DIRECTIONS:
Copy out precisely the lines from the start of the data through the line with "事实证明,中非合作论坛在过去", and keep pictures out of it.

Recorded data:
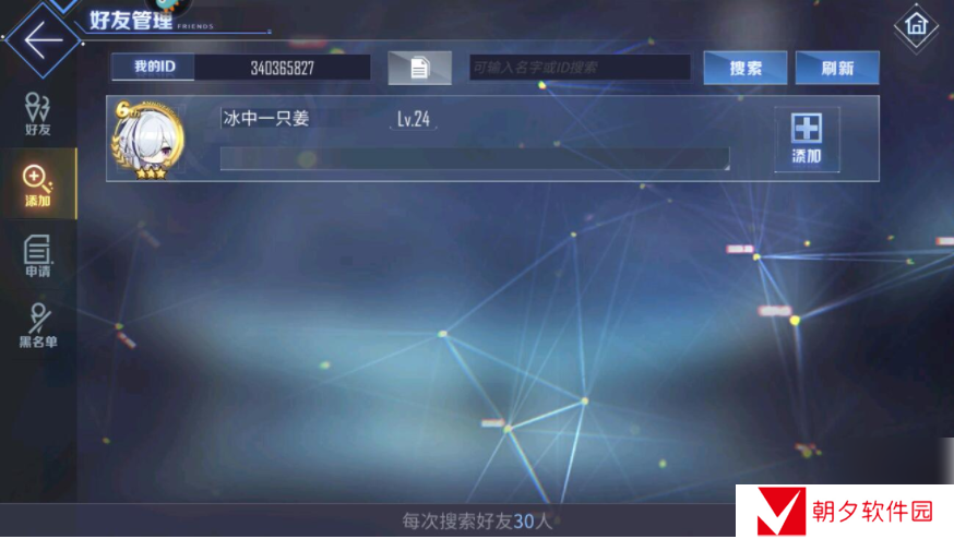 3、输入好友的名字或者ID搜索添加,也可以直接添加在线玩家
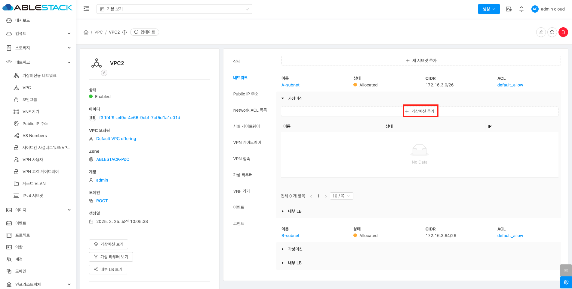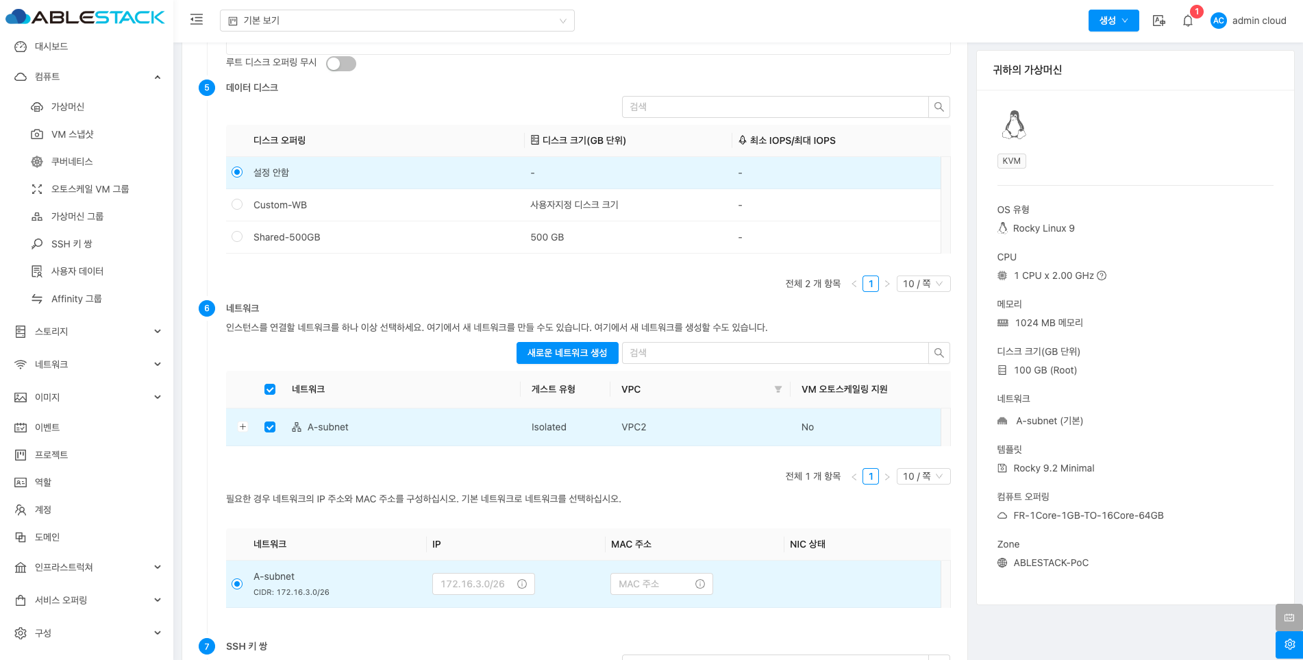 새 서브넷 가상머신 추가¶
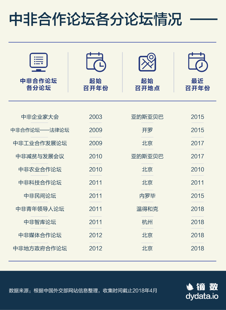 事实证明,中非合作论坛在过去的18年始终发挥着引领和推动中非关系的重要作用,在不同时期积极地为中非合作规划路线。不仅如此,论坛也成为拓展中非合作空间的有效助力。从下图不难看出,随着民间、媒体等分论坛的启动,中非合作也已从论坛成立初期重于经贸合作逐渐拓展到目前的政治、经济、安全、社会、人文、环境等诸多领域的全方位合作。
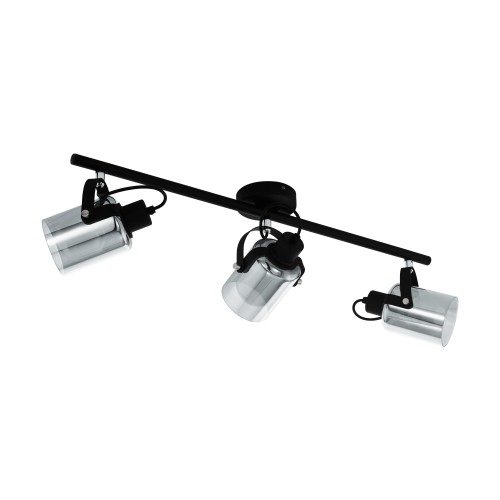 Plafonieră BERREGAS 99054, E27, 3X40W, IP20, oțel, negru, crom, sticlă aburită, negru transparent
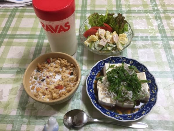 今日の朝食は冷奴しらす大葉のせとポテトサラダの炭水化物制限定食でした。 ザバス ウェイトダウン ヨーグルト風味 336g >>大豆プロテイン
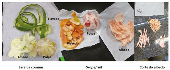 ![]() Figura 2. Separação dos cítricos laranja comum e grapefruit nos seus componentes albedo, flavedo e endocarpo/polpa (esquerda e centro); e preparação da amostra para extração (direita)

EXERCISE ANSWER:
 3、输入好友的名字或者ID搜索添加,也可以直接添加在线玩家
 새 서브넷 가상머신 추가¶
 事实证明,中非合作论坛在过去的18年始终发挥着引领和推动中非关系的重要作用,在不同时期积极地为中非合作规划路线。不仅如此,论坛也成为拓展中非合作空间的有效助力。从下图不难看出,随着民间、媒体等分论坛的启动,中非合作也已从论坛成立初期重于经贸合作逐渐拓展到目前的政治、经济、安全、社会、人文、环境等诸多领域的全方位合作。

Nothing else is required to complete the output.